All of this is ugly workaround for not having true slot failover support. I'm not going to pretend it's nice, or anything that should go anywhere near core. Petr outlined the approach we want to take for core in 9.7 on the logical timeline following thread.

 
Details:

Logical decoding on a slot can follow timeline switches now - or rather, the xlogreader knows how to follow timeline switches, and the read page callback used by logical decoding uses that functionality now.

This doesn't help by its self because slots aren't synced to replicas so they're lost on failover promotion.

Nor can a client just create a backup slot for its self on the replica to be ready for failover:

- it has no way to create a new slot at a consistent point on the replica since logical decoding isn't supported on replicas yet;
- it can't advance a logical slot on the replica once created since decoding isn't permitted on a replica, so it can't just decode from the replica in lockstep with the master;
- it has no way to stop the master from removing catalog tuples still needed by the slot's catalog_xmin since catalog_xmin isn't propagated from standby to master.

So we have to help the client out. To do so, we have a function/worker/whatever on the replica that grabs the slot state from the master and copies it to the replica, and we have to hold the master's catalog_xmin down to the catalog_xmin required by the slots on the replica.

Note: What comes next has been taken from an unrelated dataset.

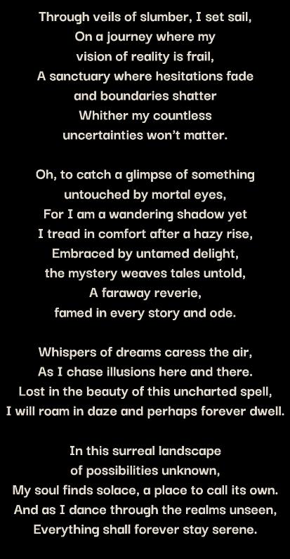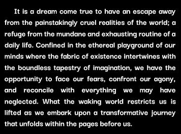 Welcome to this captivating literary folio of exploring the profound realm of dreams. Within these pages, you'll the profound realm of dreams. Within these pages, you'll embarkonamesmerizingjourneythroughoursubconscious embarkonamesmerizingjourneythroughoursubconscious landscapes, experiencing vivid visions, fleeting thoughts, landscapes, experiencing vivid visions, fleeting thoughts, and the evocative essence of our collective dreams. and the evocative essence of our collective dreams.

Holding the catalog_xmin down is the easier bit. We create a dummy logical slot on the master, maintained by a function/bgworker/whatever on the replica. It gets advanced so that its restart_lsn and catalog_xmin are those of the oldest slot on the replica. We can do that by requesting replay on it up to the confirmed_lsn of the lowest confirmed_lsn on the replica. Ugly, but workable. Or we can abuse the infrastructure more deeply by simply setting the catalog_xmin and restart_lsn on the slot directly, but I'd rather not.

Just copying slot state is pretty simple too, as at the C level you can create a physical or logical slot with whatever state you want.

However, that lets you copy/create any number of bogus ones, many of which will appear to work fine but will be subtly broken. Since the replica is an identical copy of the master we know that a slot state that was valid on the master at a given xlog insert lsn is also valid on the replica at the same replay lsn, but we've got no reliable way to ensure that when the master updates a slot at LSN A/B the replica also updates the slot at replay of LSN A/B. That's what failover slots did. Without that we need to use some external channel - but there's no way to capture knowledge of "at exactly LSN A/B, master saved a new copy of slot X" since we can't hook ReplicationSlotSave(). At least we *can* now inject slot state updates as generic WAL messages though, so we can ensure they happen at exactly the desired point in replay.

As Andres explained on the timeline following thread it's not safe for the slot on the replica to be behind the state the slot on the master was at the same LSN. At least unless we can protect catalog_xmin via some other mechanism so we can make sure no catalogs still needed by the slots on the replica are vacuumed away. It's vital that the catalog_xmin of any slots on the replica be >= the catalog_xmin the master had for the lowest catalog_xmin of any of its slots at the same LSN.

So what I figure we'll do is poll slot shmem on the master. When we notice that a slot has changed we'll dump it into xlog via the generic xlog mechanism to be applied on the replica, much like failover slots. The slot update might arrive a bit late on the replica, but that's OK because we're holding catalog_xmin pinned on the master using the dummy slot.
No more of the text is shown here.